I do not think it necessary to shield the Gospel from strong ideas. Nor should it be needful for Christians to scorn scholarship, no matter how radical or revolutionary it may be. I no longer remember author or source but I never have forgotten the old prayer, "O God, I offer Thee my heart, In many a mystic mood by beauty led. But now impart that sterner grace To offer Thee my head." We do God no honor when we hide from honest thinking and elude the truth.
I do not share the convictions allegedly expressed by the moderator. He, of course, is free to think as he wishes and, for that matter, so am I. I believe this generation's greatest need is for the personal salvation wondrously and graciously offered by God in Christ crucified, risen and coming again.
Where the moderator has gone astray, it seems to me, is in his apparent failure to grasp the meaning and the use of faith and of reason. He makes the mistake, which has betrayed many theologians and philosophers, of confusing faith and reason. They are not mutually exclusive.
The individual who espouses reason and rejects the exercise of faith runs the risk of confusing the actual with the ideal. What is actual and demonstrable becomes the goal of life and the ideal loses its vitality because, at best, it can be only a dream.
It requires faith to define and pursue that which is ideal. Faith alone is the gateway to the visions and hypotheses, the suggestions and the theories without which progress becomes impossible and reason becomes fruitless.
It seems to me that Mr. Phipps' appeal is to the reason that precludes faith. That is a wrong way to journey in a quest for true religion. A sad consequence is that some people and congregations will choose an opposing position which will be faulted by the same logic.
An inevitable outcome of an appeal to reason as a condition of faith is that it encourages a religion of good works. The so-called Social Gospel becomes a substitute for the mystical element which belongs where there is right religion. True religion, of course, must embrace good works but it also must provide personal salvation, forgiveness and eternal life.
One of my professors in seminary days was Dr. Nels Ferre, a man whose name seems always to draw the ire of conservative-minded religionists. That is something of an irony because he himself was positively conservative in his theological orientation. He was wont to say, "Theologians who are men of faith ... will dare to see the actual world for what it is and yet also the existential claims on it of what eternally is and actually ought to be."

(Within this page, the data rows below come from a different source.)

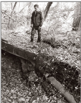
Antigua tubería de conducción de agua potable.

Se trata de un depósito decantador para eliminar la turbidez del agua y que desde ahí llegase a la fuente un agua ya clara, apta para beber según las condiciones de aquella época, en la que no se realizaban controles de ningún tipo. Edificio de planta ligeramente rectangular, 3,6 x 3,30 m, la pared del lado más amplio tiene la forma tronco-piramidal con remate curvo en la parte superior. Las esquinas del depósito y el recerco de la pequeña puerta de entrada están realizados con buena piedra sillar, de caliza y los paños de los muros son de mampostería. La puerta, de la que aún mantiene sus goznes incrustados en la piedra, tiene un hueco de 76 cm de ancho y 90 cm de altura, suficiente para poder entrar y que haya algo de luz dentro. El acceso actual a su interior no es aconsejable si no se toman las debidas precauciones de seguridad e iluminación. Nada más entrar se abren 5 peldaños a la izquierda que descienden y otros 5 peldaños a la derecha ascendentes, embutidos en la pared y que sobresalen muy poco de los muros, unos 30 cm y de forma irregular. En la parte de la derecha, según se entra, están fabricados los dos depósitos para el agua, que de acuerdo a las cotas que se han tomado tienen una capacidad de 1800 y 1700 litros respectivamente, uno más profundo que otro. El muro interior de carga de estos dos depósitos tiene una anchura de 55 cm y no obstante enfrente de la entrada existen unas losas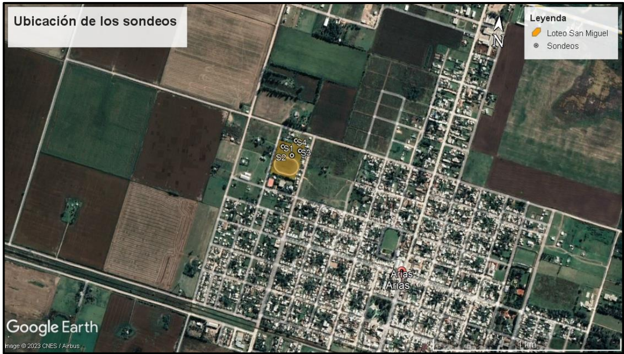
Fig.1: Ubicación de los sondeos. Imagen tomada desde Google Earth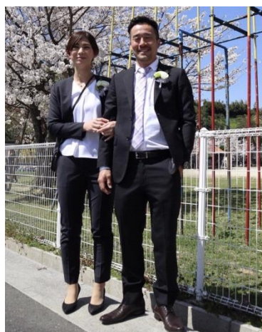
入学式も夫婦で出席！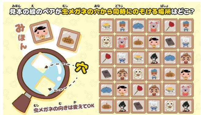
「おしりたんてい ププッとそうさくゲーム」で体験できる遊び方のイメージです ©トロール・ボプラ社/おしりたんてい製作委員会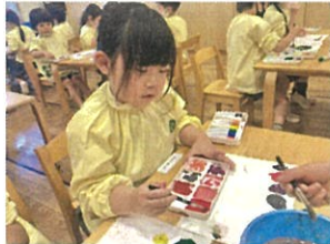
こんな色も出来たよ~♪と新しい発見が あ。たわ!! 何色出来たかな??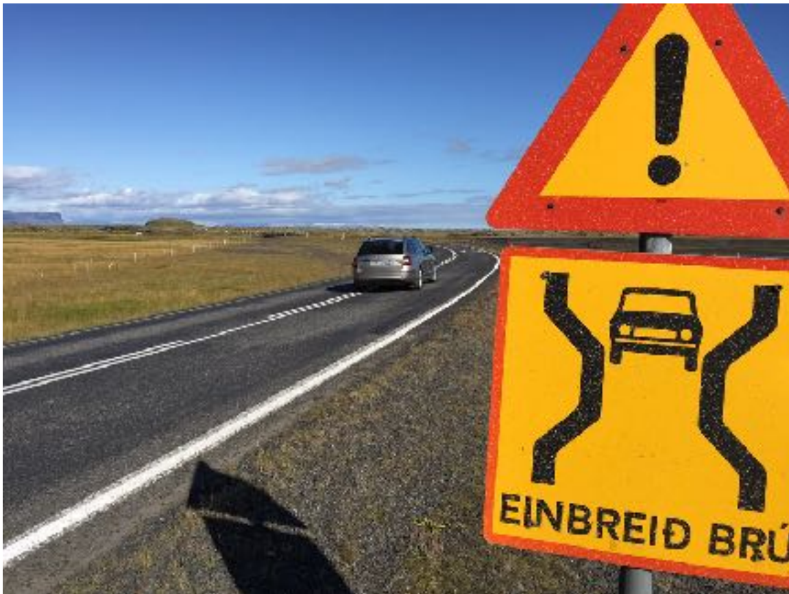
Mynd 8 Einbreið brú við Fossála á Síðu í V-Skaftafellssýslu

Áætlunarflug innanlands er mikilvægur hlekkur í almenningssamgöngum og tryggir aðgengi þeirra sem fjærst búa frá höfuðborgarsvæðinu að nauðsynlegri opinberri þjónustu, sérstaklega heilbrigðiskerfinu.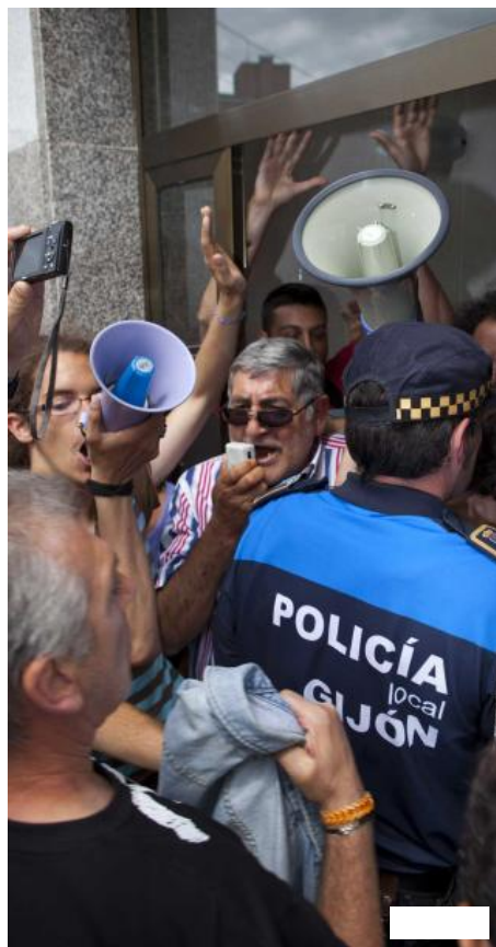
Un grupo de personas trata de impedir un desahucio en Gijón. Juan plaza

El letrado aclara que la respuesta del Gobierno «es una presa para parar una riada de desgracias familiares» que no suspende los procedimientos hipotecarios, sino únicamente los lanzamientos, y que en la exposición de motivos deja la puerta abierta a una reforma legislativa más profunda. Gordillo se dice abiertamente partidario de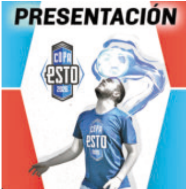
La iniciativa busca impulsar el futbol amateur y el deporte en el país.

La competencia, que será cien por ciento amateur, se hará en cuatro sedes: Ciudad de México, Toluca, Querétaro y Puebla; en cada una de las mismas se podrán inscribir 20 equipos de hasta 18 jugadores. Se jugará una fase de grupos, cuartos de final, semifinal y final en cada sede; cada equipo tendrá al menos tres juegos a disputar. En Puebla se jugará en la Universidad de Puebla; en Toluca en el Centro Médico ISSEMYM del IMSS; en Querétaro serán dos sedes: la Casa de la Juventud y el Estadio Olímpico de Querétaro, mientras en la CDMX en la Codeme. El campeón de cada sede tendrá un premio de 30 mil pesos en efectivo y el subcampeón de 15 mil pesos; los ganadores de las cuatro sedes disputarán un Campeón de Campeones en la Ciudad de México y el que lo gane obtendrá 50 mil pesos, y el subcampeón 25 mil pesos. En Puebla y Toluca, el torneo comienza el 7 de marzo y finaliza el 18 de abril; en Querétaro y CDMX inicia el 11 de abril y finaliza el 16 de mayo. El Campeón de Campeones se realizará el 23 y 24 de mayo con sede por definir. La inscripción por equipo tendrá un costo de 21 mil 600 pesos, incluye uniformes, registros, uso de cancha, arbitraje, balones y medidas de seguridad. Las inscripciones estarán abiertas a partir del 28 de noviembre y podrán hacerse a través del sitio web y redes de la Organización Editorial Mexicana y del periódico ESTO, donde se publicarán las convocatorias.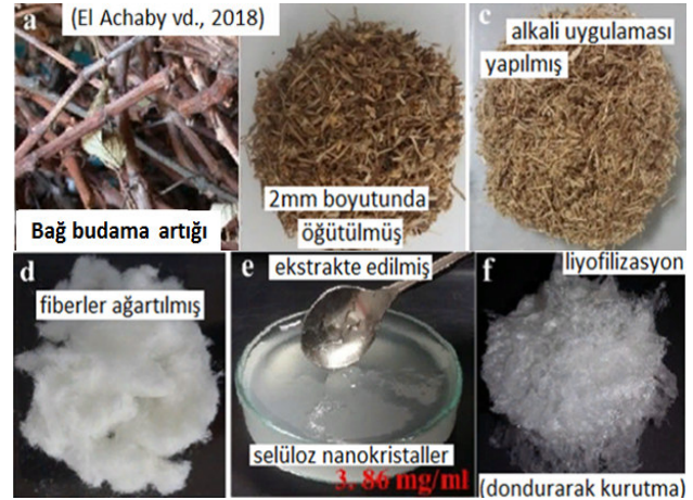
Bağ budama artığı / The vineyard pruning residue, 2 mm boyutunda öğütülmüş / Milled to 2 mm size, Alkali uygulaması yapılmış / Alkaline application was done, Fiberler ağartılmış / The fibers bleached, Liyofilizasyon (dondurarak kurutma) / Lyophilization (freeze drying)

Asma dalının, kabuk fiberlerinin (özellikle dış kabuktaki) uygun mukavemet özellikler göstermesinden dolayı kompozit malzeme uygulamalarında kullanılabilme potansiyeli bulunmaktadır [14]. Yine David vd. [36, 37], asma sürgünü ve şaraphane posasının kompozit malzemelerde dolgu maddesi olarak kullanılabileceğini açıklamışlardır. El Achaby vd. [41] ise, asma yıllık sürgünlerinden elde ettikleri selüloz nanokristallerinin, nanokompozit malzemelerin geliştirilmesinde kullanımları üzerine çalışma yürütmüşlerdir ve materyallerin gerilme direncinin güçlendirilmesi gibi başarılı sonuçlar elde etmişlerdir (Şekil 5).

Faith and reason belong together. Again, the words are those of Nels Ferre, "Without faith reason fails in courage and social concern, while without reason faith fails in vision and application."
So I am distressed by what Mr. Phipps has said because I fear many will construe his remarks wrongly and, as a result, the whole church of Jesus Christ will suffer, no part more so than his own denomination.
Faith and reason - both are gifts of the grace of God.
"God so loved the world, that he gave his only begotten Son, that whosoever believeth in him should not perish, but have everlasting life."
Reason is troubled by that verse; faith is challenged. Separated, they stumble. Together, they point to the rightness of religion in which alone is hope for our sin-sick and troubled world.
- M. Allen Gibson is a Baptist church minister who lives in Chester.